TL;DR
Most people fly blind on Claude Code spend - they start a project, run it, and check the dashboard once a week. By then the spike has happened. The good news: nearly every surprise cost comes from a handful of fixable levers - inherited context files, defaulting to the most expensive model, caching left off, large files read every session, and no usage limit. Walk this checklist once and you control your spend instead of discovering it.
Why a cost audit is worth 30 minutes
Claude Code does not loudly warn you when your token usage climbs. It assumes you know what every file and setting in your environment does - and most people do not. A config you never touched, a context file from an old project, or the wrong default model can quietly double your spend with nothing extra to show for it. The fix is to audit the levers once, before you scale a workflow, not after the bill arrives.
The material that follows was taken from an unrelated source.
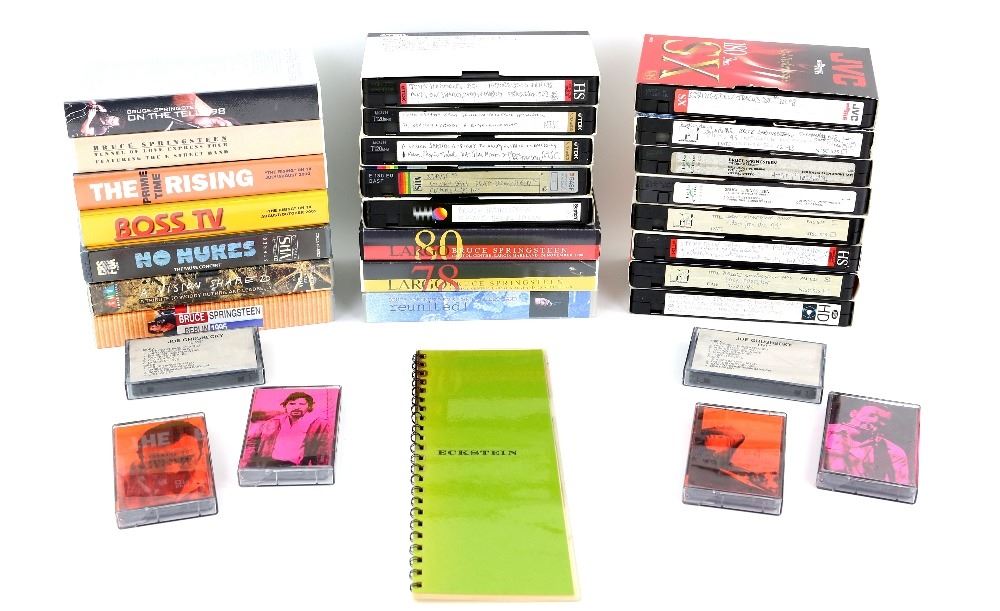 Bruce Springsteen - VHS Collection including all released material and rare performances such as 'No Nukes’ ‘A Vision Shared’ ‘Berlin 9th July 1995’ recorded in a cafe in what was East Berlin plus a menu from the cafe, Various other Bootleg concert tapes also some cassette bootlegs including Bruce performing with Joe Grushecky. Various home VHS tapes of TV performances taped over the years.

Lever 1: stale CLAUDE.md files inheriting context
CLAUDE.md files load automatically and carry instructions into every session. A file left in a parent directory or an old project can quietly request extended thinking, large context, or blanket file reads - all of which multiply tokens. Search your system for every CLAUDE.md, review each one, and remove or trim any you did not deliberately write.
bashfind ~ -name 'CLAUDE.md' -not -path '*/node_modules/*' 2>/dev/nullLever 2: defaulting to the most expensive model
Opus is the most capable model and the most expensive per token - many times the cost of Sonnet or Haiku. If your setup runs Opus for simple work like file reads, reformatting, and basic edits, that is pure waste. Use Sonnet as your everyday default, reserve Opus for genuinely hard reasoning, and let Haiku handle the lightweight tasks. See our model-routing guide for a concrete rule.
Lever 3: prompt caching left off
Anthropic offers prompt caching that can cut the cost of repeated context dramatically. If you send the same system prompt, instructions, or project context across many sessions and caching is not enabled, you pay full price every single time. Turning it on is one of the highest-leverage changes you can make on repeat-heavy workflows.
Lever 4: large files read on every session start
If your CLAUDE.md or project config tells Claude to read large files at session start - a full codebase, long docs, an entire test suite - those tokens bill every time you open a session. Across twenty sessions a week that adds up fast. Remove blanket file-read instructions and reference specific files only in the prompts that actually need them.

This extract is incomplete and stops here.